I Confide in the Goddess Circe about My Divorce

by Jennifer Finstrom

Image courtesy of British Library Photostream

Image courtesy of British Library Photostream



I Confide in the Goddess Circe about My Divorce

"It was Circe, the goddess. She was weaving as she sang, an intricate, enchanting piece of work, the kind a goddess fashions." —Book 10, "The Wind and the Witch," lines 220223, The Odyssey, translated by Emily Wilson

I don't quite answer her question, tell her instead how I left the Fitzgerald translation of The Odyssey behind, uncertain by then if it had been his or mine to begin with. After that, I made plans with him over email to read the new Emily Wilson translation together as a sort of strange, small book club. That never happened, of course, and I'm only sort of sorry. I had confused it with The Iliad and realized too late that inviting an ex to discuss Odysseus' twenty year absence might be awkward—though more, perhaps, for him than me.

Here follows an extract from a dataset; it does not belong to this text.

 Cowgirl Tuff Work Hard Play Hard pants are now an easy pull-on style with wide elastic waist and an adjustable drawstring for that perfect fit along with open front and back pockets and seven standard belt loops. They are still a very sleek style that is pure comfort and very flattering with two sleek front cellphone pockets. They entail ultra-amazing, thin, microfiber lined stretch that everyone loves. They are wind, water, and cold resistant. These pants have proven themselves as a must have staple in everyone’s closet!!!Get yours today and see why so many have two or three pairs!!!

Circe doesn't scare me, even standing in the middle of my apartment. I know that she has no plans to turn me into anything, and she admires my jewelry as I show her piece after piece: the snake bracelets with glittering eyes, the good blue brooch that was my grandmother's, the necklace with red stones that makes my neck as heavy as a queen's. I fill her arms with scarves and hope she'll admire them too, enough to trade me the sea-colored mantle around her shoulders that I know she wove herself.

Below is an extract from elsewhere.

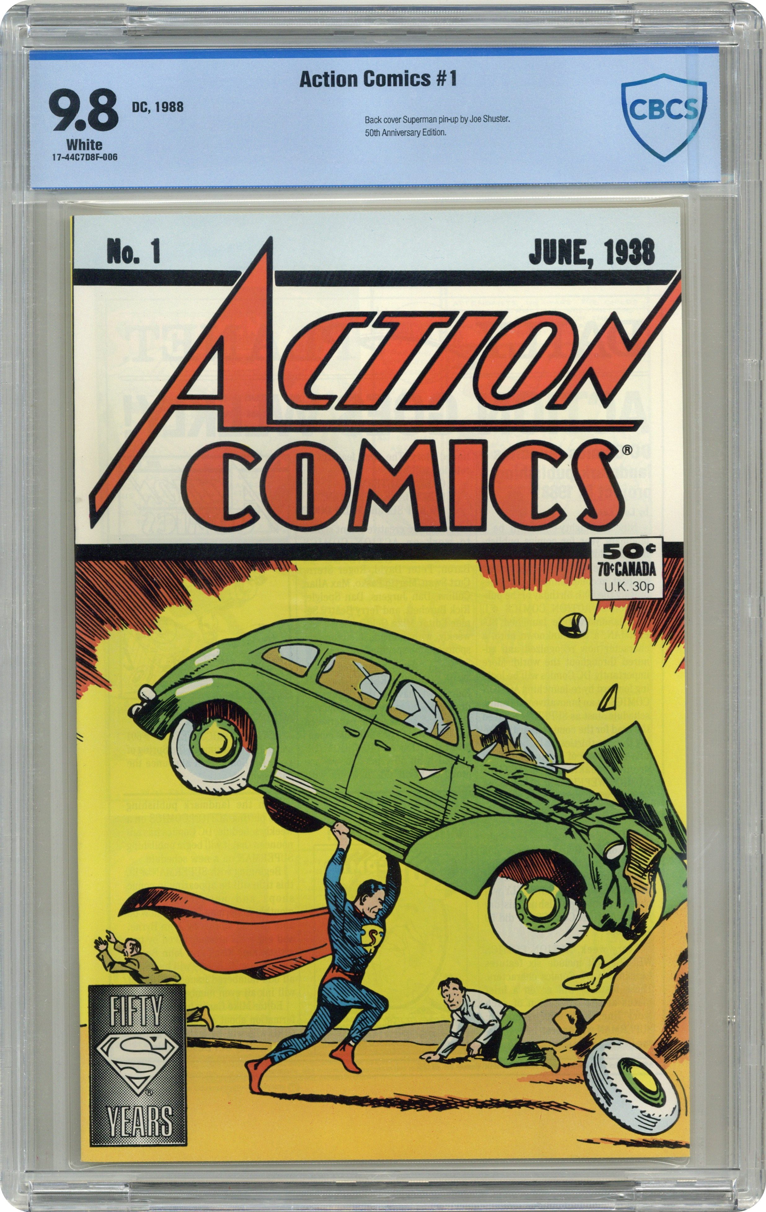Ended Oct 15 2020 Winning Bid $106 Direct Sales Edition. 16-page reprint of Action #1. 1988 reprint 50 cent cover price. Cover price $0.50. Grade: CBCS 9.8 explanation of grade Condition: Used (collectible)

This isn't the first conversation I've had with her, have invoked her at least once in each of the past four decades, would phone her every night if I could, give her updates on developments and visits, the who, what, where. If I could borrow a fraction of her power, slip it on like the cheap rings I buy for myself, I'd know how much to use and for what. After she's gone, vanishing while my back is turned, I imagine the sea lapping at my windows. I put on every piece of green jewelry I own, still trying to tell her just one thing I lost when he left and can name nothing. My poems all reach the same conclusion, the one definitive spell I'm able to cast on my own.